- Aim of the task
If a record holds a picture, omit that picture and copy everything else exactly.

- Working data
================
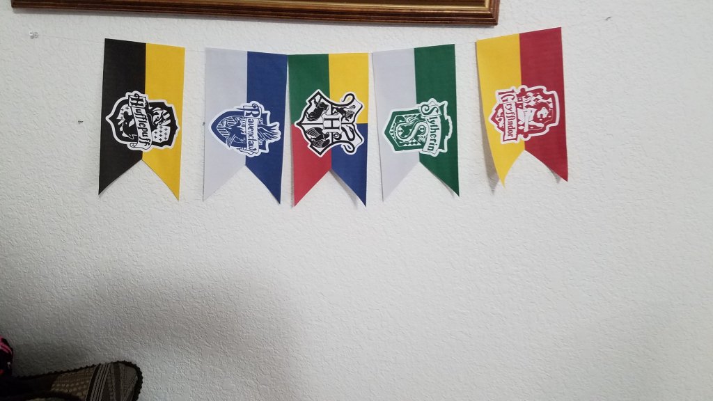 So, in an effort to make stay-at-home school fun, and supplement the work provided, I recreated Hogwarts at home, complete with themed books, wands, and house banners. Mind you it was low budget and minimal decor, but it worked… for most of the 2 weeks.
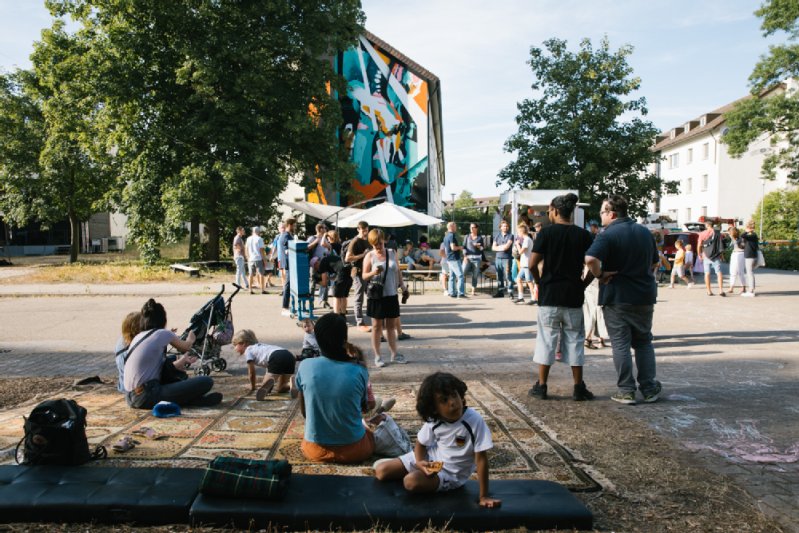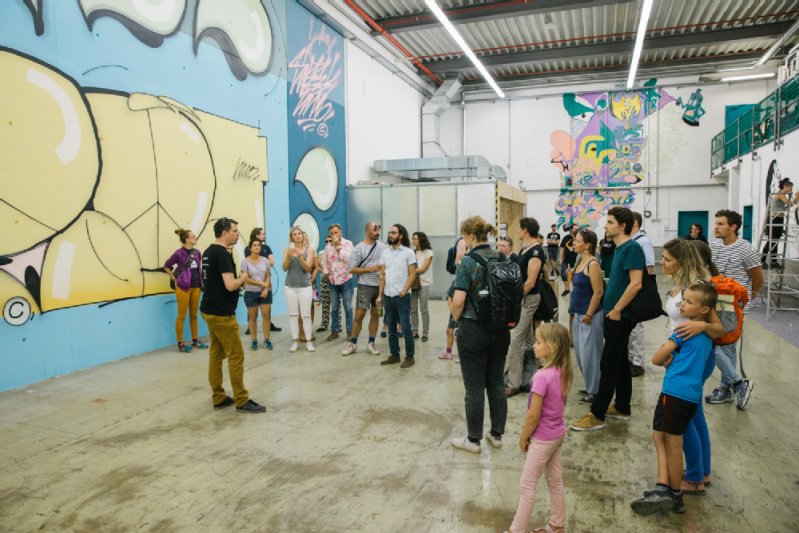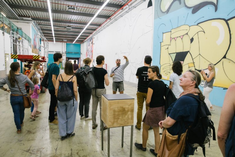 FensterLunch on tour! Das Metropolink-Festival 2019 gab Anlass genug, das monatliche Branchentreffen der Kultur- und Kreativschaffenden in Heidelberg - außer der Reihe - auf die ehemalige US-Army-Fläche Patrick-Henry-Village (PHV) zu verlegen. Startpunkt auf PHV am 10. Juli 2019 war der ehemalige Supermarkt. Vor der Commissary stellte Pascal Baumgärtner das Festival für urbane Kunst "Metropolink" sowie seine Pläne für die Commissary vor: die PX Factory, eine Kunsthalle mit internationalem Flair zu erschaffen. Im Rahmen des FensterLunches @ Metropolink konnten sich die Gäste bereits einen ersten Eindruck von den Kunstwerken und künstlerischen Installationen machen.
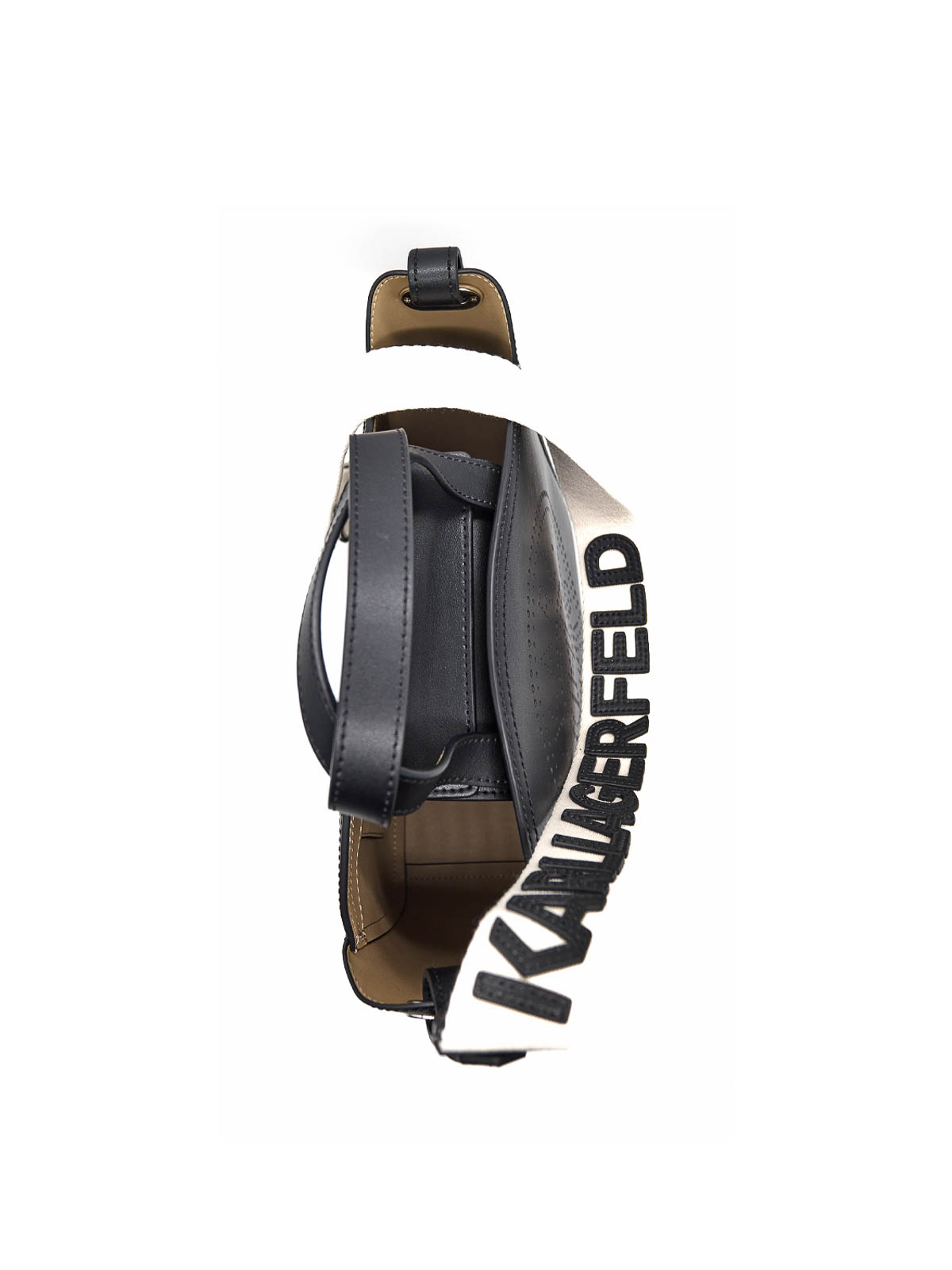 K / Circle Small Tote Scenated in black this BAG Tote K / Circle of Karl Lagerfeld made of luxury presents with a rectangular silhout and shaped edges and characterized by a perforatokarl circle art on the equipped with a magnetic button double handles with and a detachable in tape with the Karl logo with magnetic button double detached handles with the karl logo. Karl circle logo perforated on the with pocket color with internal zip plate with signatures sewn on the back black cow color h l w
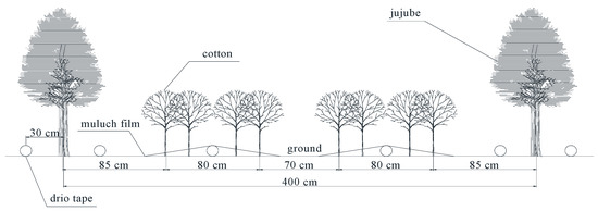 The tested crops were cotton No. 49 Xinluzhong and 5-year-old jujube trees (2015). Cotton was sowed in mid-April and harvested in early November. Jujube trees entered the germination stage in late April and were harvested in mid-November. Jujube tree spacing was 1 m, and row spacing was 4 m. The drip irrigation belt was placed 30 cm away from each side against the tree trunk. Cotton was planted with four rows of one film and one belt. The distance between drippers of the drip irrigation belt was 20 cm, and the dripper flow rate was 1.38l/h. The film was 1.5 m wide and 0.05 mm thick. Plant spacing was 8 cm. The row spacing was 20-40-20 cm. The planting pattern is shown in Figure 1. Five treatments were performed in the experiment, one for jujube, one for cotton, and three for jujube/cotton intercropping according to the irrigation amount of jujube and cotton. The irrigation schedule for each treatment is shown in Table 1, and three replicates were set up for each treatment. The experimental designs for 2015, 2016, and 2017 are the same. However, the experimental field was irrigated at fixed irrigation time points by the fixed irrigation quota method from 2015 to 2016. In 2017, the P–M method [11] was used to guide irrigation in the experimental field and the irrigation period was 7 days. The irrigation amount was determined by the cumulative evapotranspiration of the previous irrigation cycle. The jujube crop coefficient was calculated as reported by Hong et al. [23]. The cotton crop coefficient was calculated as reported by Zhang et al. [24] and Ma et al. [25]. The fertilization and crop management were determined based on the local conditions.
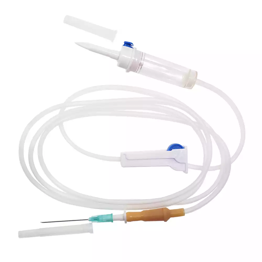 - длинная гибкая труба с точным регулятором течения участка из латекса, позволяющего делать дополнительные инъекции во время вливания;
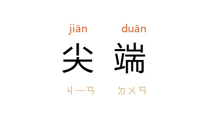 ⒈ 尖锐东西的末梢、顶点。引申为高级的、特出的。亦指高级的、特出的事物。
================
- Task output
 So, in an effort to make stay-at-home school fun, and supplement the work provided, I recreated Hogwarts at home, complete with themed books, wands, and house banners. Mind you it was low budget and minimal decor, but it worked… for most of the 2 weeks.
 FensterLunch on tour! Das Metropolink-Festival 2019 gab Anlass genug, das monatliche Branchentreffen der Kultur- und Kreativschaffenden in Heidelberg - außer der Reihe - auf die ehemalige US-Army-Fläche Patrick-Henry-Village (PHV) zu verlegen. Startpunkt auf PHV am 10. Juli 2019 war der ehemalige Supermarkt. Vor der Commissary stellte Pascal Baumgärtner das Festival für urbane Kunst "Metropolink" sowie seine Pläne für die Commissary vor: die PX Factory, eine Kunsthalle mit internationalem Flair zu erschaffen. Im Rahmen des FensterLunches @ Metropolink konnten sich die Gäste bereits einen ersten Eindruck von den Kunstwerken und künstlerischen Installationen machen.
 K / Circle Small Tote Scenated in black this BAG Tote K / Circle of Karl Lagerfeld made of luxury presents with a rectangular silhout and shaped edges and characterized by a perforatokarl circle art on the equipped with a magnetic button double handles with and a detachable in tape with the Karl logo with magnetic button double detached handles with the karl logo. Karl circle logo perforated on the with pocket color with internal zip plate with signatures sewn on the back black cow color h l w
 The tested crops were cotton No. 49 Xinluzhong and 5-year-old jujube trees (2015). Cotton was sowed in mid-April and harvested in early November. Jujube trees entered the germination stage in late April and were harvested in mid-November. Jujube tree spacing was 1 m, and row spacing was 4 m. The drip irrigation belt was placed 30 cm away from each side against the tree trunk. Cotton was planted with four rows of one film and one belt. The distance between drippers of the drip irrigation belt was 20 cm, and the dripper flow rate was 1.38l/h. The film was 1.5 m wide and 0.05 mm thick. Plant spacing was 8 cm. The row spacing was 20-40-20 cm. The planting pattern is shown in Figure 1. Five treatments were performed in the experiment, one for jujube, one for cotton, and three for jujube/cotton intercropping according to the irrigation amount of jujube and cotton. The irrigation schedule for each treatment is shown in Table 1, and three replicates were set up for each treatment. The experimental designs for 2015, 2016, and 2017 are the same. However, the experimental field was irrigated at fixed irrigation time points by the fixed irrigation quota method from 2015 to 2016. In 2017, the P–M method [11] was used to guide irrigation in the experimental field and the irrigation period was 7 days. The irrigation amount was determined by the cumulative evapotranspiration of the previous irrigation cycle. The jujube crop coefficient was calculated as reported by Hong et al. [23]. The cotton crop coefficient was calculated as reported by Zhang et al. [24] and Ma et al. [25]. The fertilization and crop management were determined based on the local conditions.
 - длинная гибкая труба с точным регулятором течения участка из латекса, позволяющего делать дополнительные инъекции во время вливания;
 ⒈ 尖锐东西的末梢、顶点。引申为高级的、特出的。亦指高级的、特出的事物。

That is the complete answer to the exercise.